Thursday, December 24, 2009
Gruesome Christmas tree chopping stories
Like many college English majors, I have an unpublished novel on my hard drive. Here, we visit Colorado of the eighties and attempt to chop down a Christmas tree:
One of the great pleasures of life is having breakfast in an all night diner at four o'clock in the morning with good friends. The night changes to day. You get to watch truckers and delivery men come in with full loads and empty stomachs. The harsh cold fluorescent light of reality finishes off an evening of rock music, drugs, skinny dipping and unrequited love. It's four a.m. and you're ordering eggs with friends. Waylon Jennings is on the jukebox. The sun will be out soon and with it all of the expectations of the evening. You're drinking coffee, smoking cigarettes, and being your old grouchy selves.
So it came to pass that I was eating breakfast with Nancy and Gail at Mary and Lou's Cafe. Nancy invited me out to Jamestown to help chop down Christmas trees with them and the youngin's. I said I'd go.
There was some federal land by the old abandoned tungsten mine in Jamestown. Technically it was off limits to all poachers, but the locals treated it as their own private tree farm, and during December, were known to discretely cart off an evergreen or two in the spirit of the season.
Me, Nancy, Gail, and the two kids drove from Denver one cold morning in Gail's truck to carry off Christmas plunder from Jamestown. When we got to Jamestown, we stopped at Nancy's father's house and he gave us some cutting instructions. We were told, for one thing, that if anybody asked us where we came by our trees, we were to say that they came from the old Hill place, and that Daddy had been carting off trees with permission from the Hill family for thirty years. We carried axes instead of the usual power saws, because Nancy said it would be more authentic and we'd keep the noise down.
There we were with axes on a hill full of evergreens. It was the two women, me and Nathaniel. The consensus was that Gabriel was to be left with Grandpa. I chopped down the first tree. Boy, it was a lot of work. I must have hit that damn tree with that dull ax twenty times before it came down. Then Gail and Nancy chopped down their trees. Male chauvinist as I am, I have to admit that they disposed of their tree more swiftly than I did with mine. And theirs was bigger.
Within half an hour of chopping and stumbling over the icy meadow, the tree cutting duty was finished, and we got to the fun part of dragging the two trees down the hill and tying them onto the roof of the truck. This was actually more work than the cutting down of the evergreens had been. Fortunately, Nancy had brought a bottle for walking and so we were all in fine spirits by the time we got back to Dan Woodson's abode.

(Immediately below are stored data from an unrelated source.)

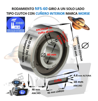 ENVIO GRATIS, ENVIO 48 A 72 HRS. DESPUES DE CONFIRMAR EL PAGO DEL PRODUCTO. DIMENSIONES INTERIOR =60mm EXTERIOR =130mm ANCHO =46mm CLUTCH DE RODILLOS, ROLLER BRAKE WITH KEYWAY BORE EQUIVALENTE: STIEBER ASNU-60, MORSE NFS60, RENOLD REUSNU-60, Formsprag USA ASNU60, Ringspann FSN60, TSUBAKI TFS60, NFS60 FREEWHEEL, Ver Ficha Técnica Aquí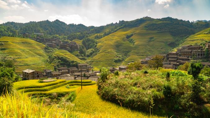 建於元朝,距今已有近700年的歷史。是壯、瑤民族勤勞智慧的結晶,梯田周圍山青水秀、瀑布溪流成群,龍脊梯田四季美景如畫,四季各有美景神韻。這裡的壯、瑤民族世世代代居住在青瓦木樓之中,男耕女織,淳樸美良。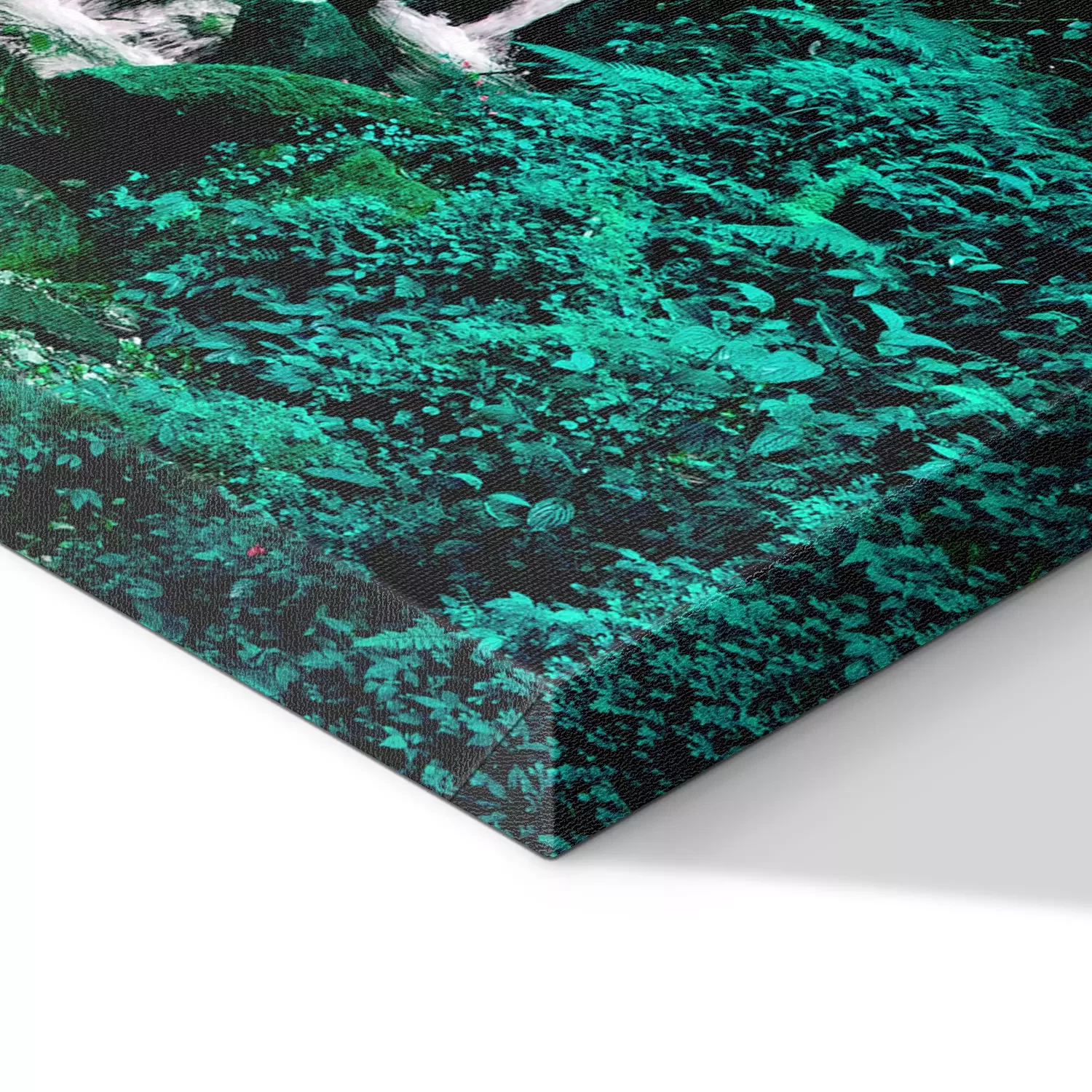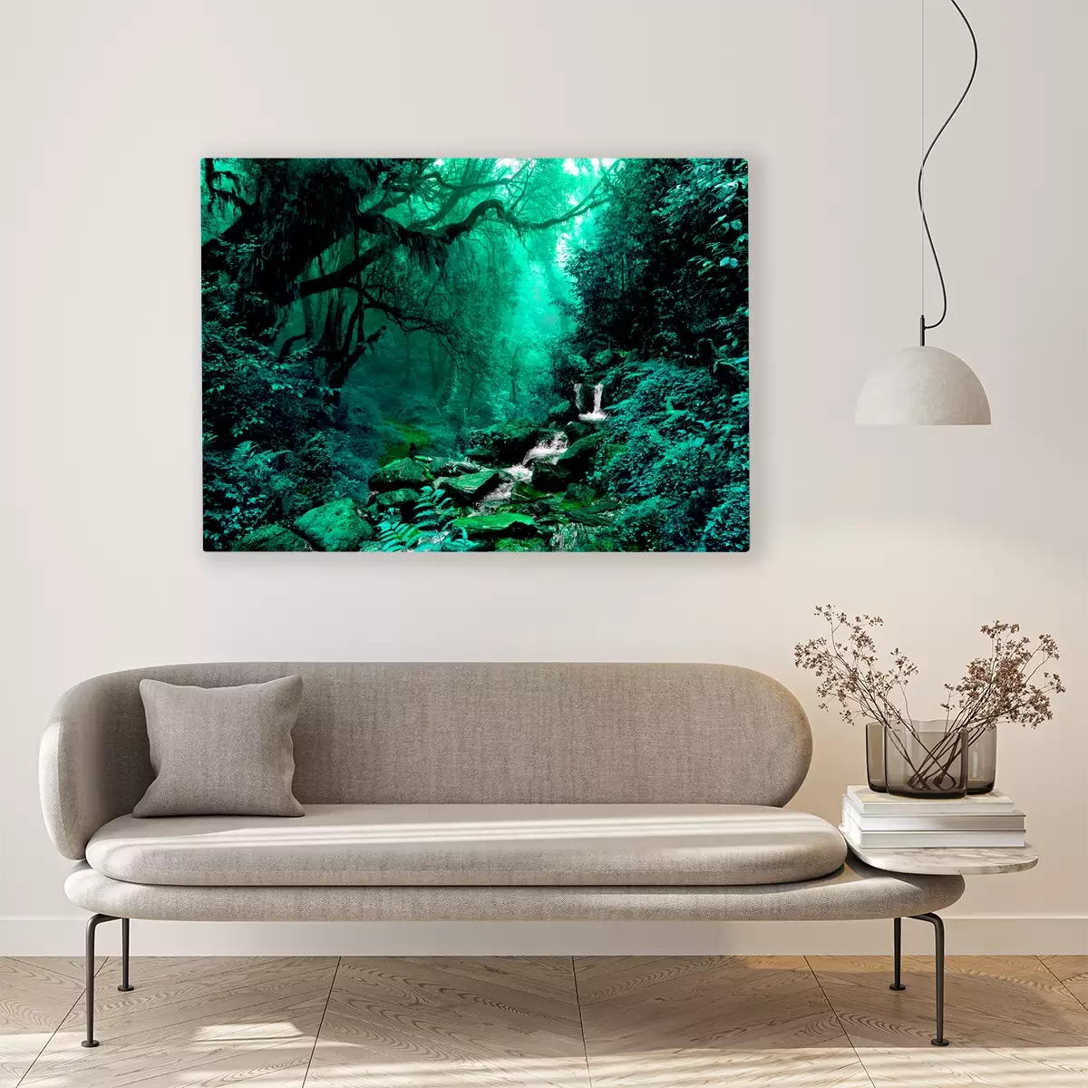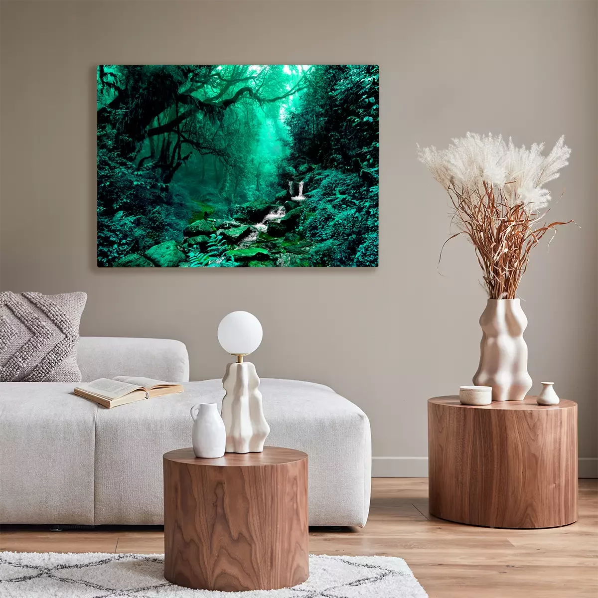 Ein wasserfall, der durch einen türkisfarbenen wald fließt

He was baby-sitting his grandson, and he let us in. We listened to old Jamestown Christmas tree cutting stories and drank beer. I almost cried when he told us about how old Uncle Jake lost his thumb one year cutting down balsam pines. But then he was a professional poacher so he probably deserved what happened.
Nan-u had one more house she wanted to visit. It was getting dark as we drove past Tim Hardin's old house and got to the cabin of Nancy's old school chum. Deloris was living with her affable but perennially out of work husband Fred. They greeted us with beer, tequila, sandwiches, and their two year old nymphomaniac daughter Tiger. While the adults were recanting gruesome Christmas tree chopping stories, Gabriel and Tiger retired to the bedroom to play doctor. A few bhongs into the evening the two youngsters flamboyantly entered the living room in their birthday suits.
The two moms started yelling, "Put your clothes on right now before we whip your butts!" They made so much noise they almost woke up Nathaniel. It was great to watch a recreation of the Genesis scene. It really got me into the spirit of the season.
Soon, it was time to leave, that is if anyone had expectations of getting to work or school or day care on time the next day. So we departed the cold, wintry, mountain town of Jamestown. With the trees precariously tied to the roof of Gail's truck we all headed back to Denver, our jobs, and our urban lives. When we got to town, first we hoisted Nancy and Gail's tree up the stairs of their place and then we hoist my tree DOWN the stairs of my basement condo.
Wow! I had a Christmas tree! Now all I needed was decorations. Then I found the box with the old family stuff that my parents had given me. This, I knew, was the stuff that neither my parents nor my older brother wanted. Then there was the entourage of decorations I had bought at flea markets in Denver the past three years. The tree, needless to say, was premium grade, and genuine.